Because idiopathic nephrotic syndrome is a rare disease, it was recognized at the start that the trial’s sample size would be small, and that 70 children could be expected to be accrued in a realistic time period. A Bayesian analysis of the trial data was planned in the protocol. To obtain prior expert opinion before the trial was begun, each of 17 physicians experienced in treating this disease was asked to construct a histogram reflecting what they believed to be the distribution of the probability of response for each of MMF and cyclophosphamide, denoted by θ₁ and θ₂. This was done by applying the so-called “bins-and-chips” graphical method of Johnson et al.,⁶ which we will describe in detail below, in Section 3.

The general issue that we address in this article is how histograms elicited in this way from a set of experts may be used to construct a parametric prior on (θ₁, θ₂) as a basis for a Bayesian analysis to compare the two parameters. Our proposed methodology for constructing a parametric prior is carried out in three stages. In the first stage, a parametric distribution for the marginal priors of the θ_j’s, with location parameter μ and precision parameter $γ,$ is specified. For each expert and each $θ_{j},$ this model is fit to the elicited histogram to obtain a marginal parametric prior. In the second stage, a bivariate expert-specific prior for (θ₁, θ₂) is constructed by averaging the product of each expert’s two marginal parametric priors over a distribution for two correlated latent expert effects, one for μ and the other for $γ .$ We consider two ways to formulate this latent effect distribution, either assuming homogeneity across experts or including expert-specific covariates, if they are available. In the third stage, an overall joint prior for (θ₁, θ₂) is constructed as a discrete mixture of all the experts’ bivariate parametric priors. For this mixture prior, each expert’s weight may be a covariate-based index of their experience, or an index of the agreement between the means of the elicited histograms and corresponding model-based parameter estimates obtained from the data.

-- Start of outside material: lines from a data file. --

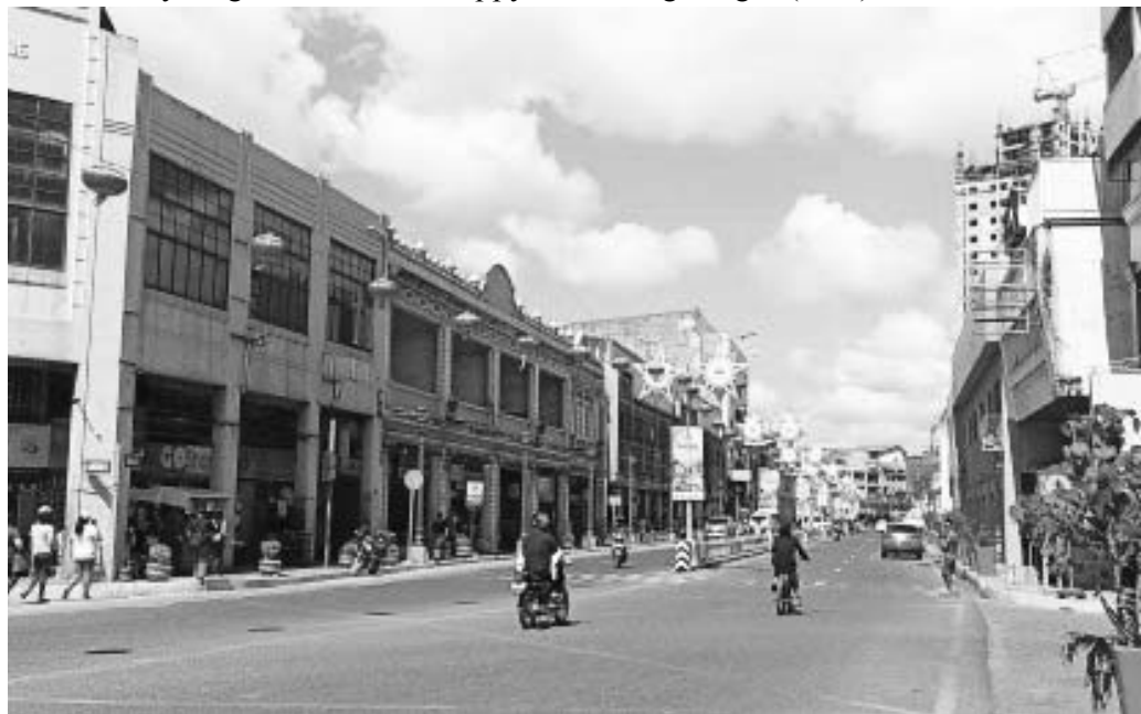
TAX INCENTIVES. Heritage buildings line up the Calle Real Street in this photo taken on Jan. 24, 2025. The city government is eyeing additional tax incentives for owners of buildings to repair and repaint the old structures.

The NCCA, according to the mayor, is ready with a PHP6.5-million budget for the repair of the structure. (PNA)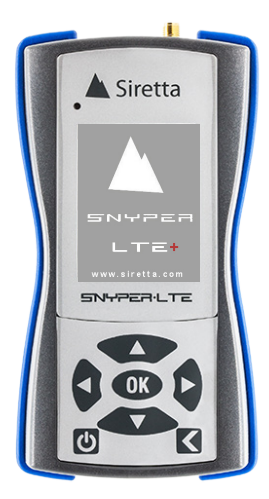
* Neither V1 nor V2 models require a SIM in order to function.

4G/LTE, 3G/UMTS & 2G/GSM Network Signal Analyser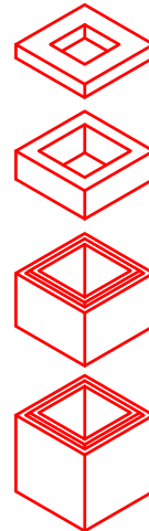
ISO VIEW SCALE: 3/32" = 1'-0"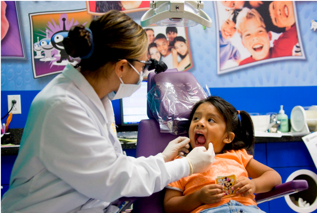
The East San Jose Children's Dental Center established an innovative approach to providing pediatric dentistry, and is designed to improve access to high-quality dental care for underserved children. The Center is unusually large in its size, occupying a 6,000-square-foot facility that contains 14 dental chairs. The Children's Dental Center also has a unique physical design and décor that is welcoming to children. The Center employs a full-time bilingual outreach coordinator to ensure access to children from bilingual and multilingual families. The Sunnyvale clinic, while smaller than the East San Jose Center, shares a similar, child-friendly design.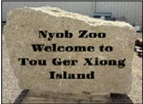
Concept of Island Marker Stone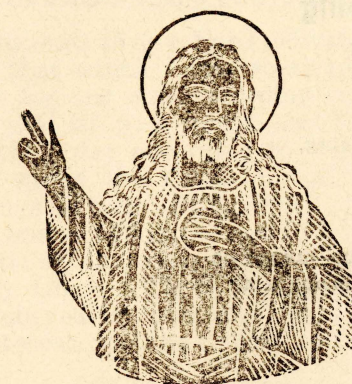
He is risen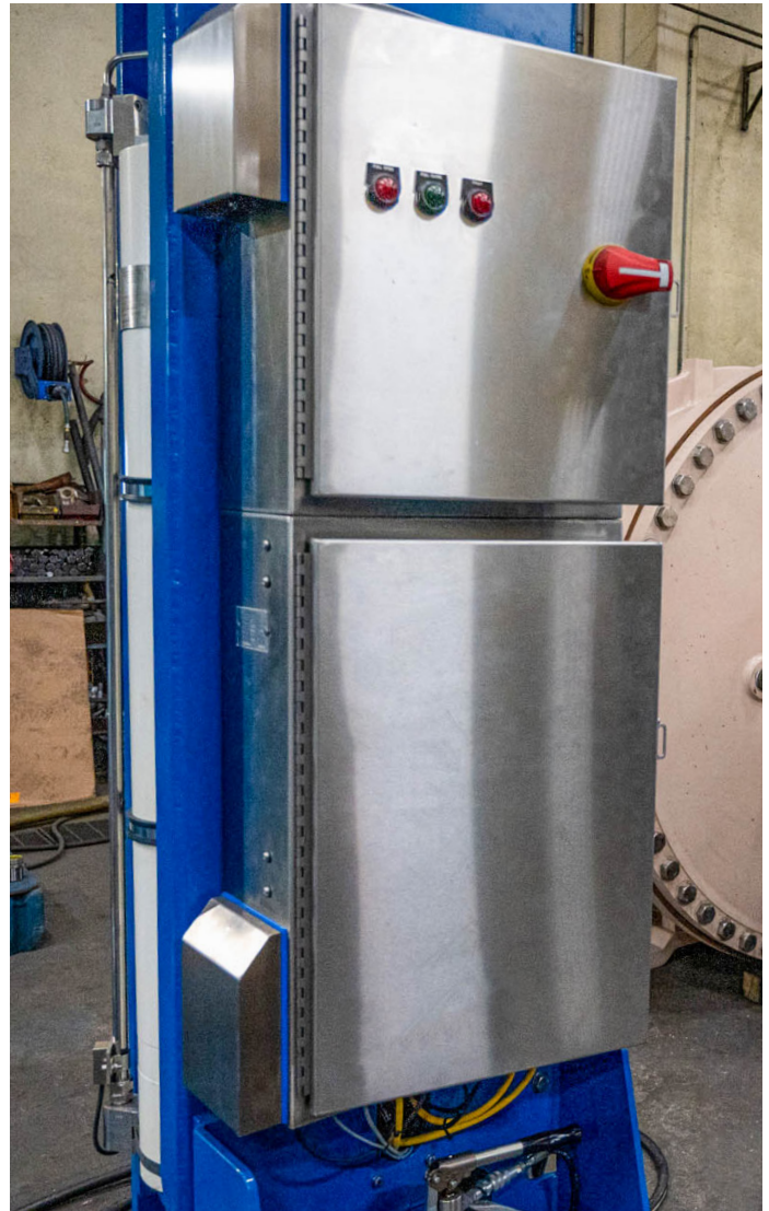
The DeZURIK HPU's were custom engineered to have a specified footprint.

The comprehensive approach taken by the DeZURIK team highlights innovation and commitment to enhancing the resilience and efficiency of the Coney Island Wastewater Treatment Plant. The selection of Willamette Cone Valves for their durability and cost-effectiveness, coupled with versatile DeZURIK Hydraulic Power Units, demonstrates a forward-thinking strategy for infrastructure design. These solutions prioritize longevity, efficiency, and adaptability, ensuring the facility remains a reliable public utility for the community it serves.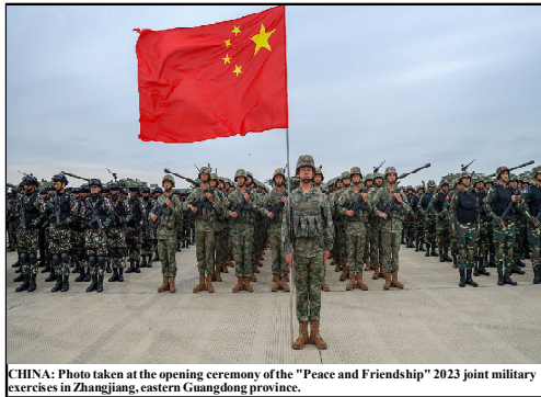
CHINA: Photo taken at the opening ceremony of the "Peace and Friendship" 2023 joint military exercises in Zhangjiang, eastern Guangdong province.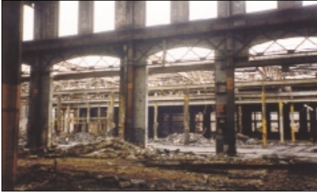
Old foundry buildings before redevelopment, Spencer Creek Village, Dundas, Ontario, 1998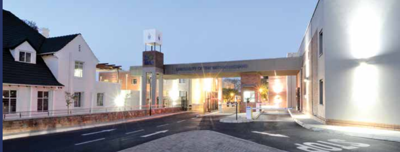
View of the main entrance to the residence complex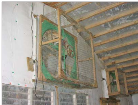
Fans can help exhaust air and moisture out of a house.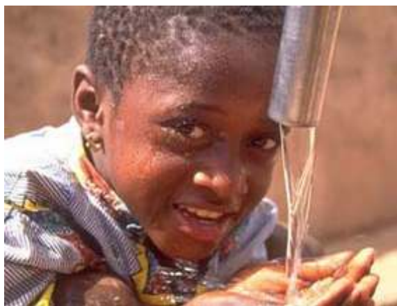
Think about how much you need water. There is nothing like it on the Planet. What would you do without it?

There are two oceans of water in the body—one ocean of water is in the cells, and then there is the ocean of water outside the cells. Water that we drink goes through the cell membrane and replenishes the ocean inside. The salt that we take regulates the volume of the ocean outside. And these two oceans have to be in balance. You cannot fill up the Atlantic more than it is full already and let the Pacific dry up, or fill the Pacific and let the Atlantic dry up, you have to fill them both. And that's why God created connections between all the oceans, in order to balance the oceans. We also have to balance the oceans of water in the body. In fact, the design of the body is that it automatically balances these oceans by certain mechanisms. So, water and salt are vital elements in the human body. Water diffuses through the cell membrane at a rate of 10^{-3} centimeters per second, which is a very fast rate of transfer of water into the cell. In a well-hydrated cell membrane there is a channel between the two layers of the membrane. All the enzymes travel in that channel and meet their counterpart. And they call this a lateral diffusion of

A third approach is simply to weight the experts equally. Once the overall prior has been established, it may be used as a basis for Bayesian analyses of (θ₁, θ₂).

To address the issues of how prior location and precision may affect posterior inferences, we provide a formal framework for conducting a prior-to-posterior sensitivity analysis. We do this by constructing an array of alternative priors, each obtained by specifying numerical values of two quantities, one that changes the prior’s location E(θ₂–θ₁) and the other that changes its precision. Posterior quantities used to compare θ₁ to θ₂ are computed for each alternative prior. This produces an array of posterior values, one for each combination of location shift and precision transformation, including one based on the untransformed prior. This set of prior-to-posterior quantities may be used as a basis for making a conclusion about the comparative effectiveness of the two treatments, in light of both the observed data and the elicited prior opinion.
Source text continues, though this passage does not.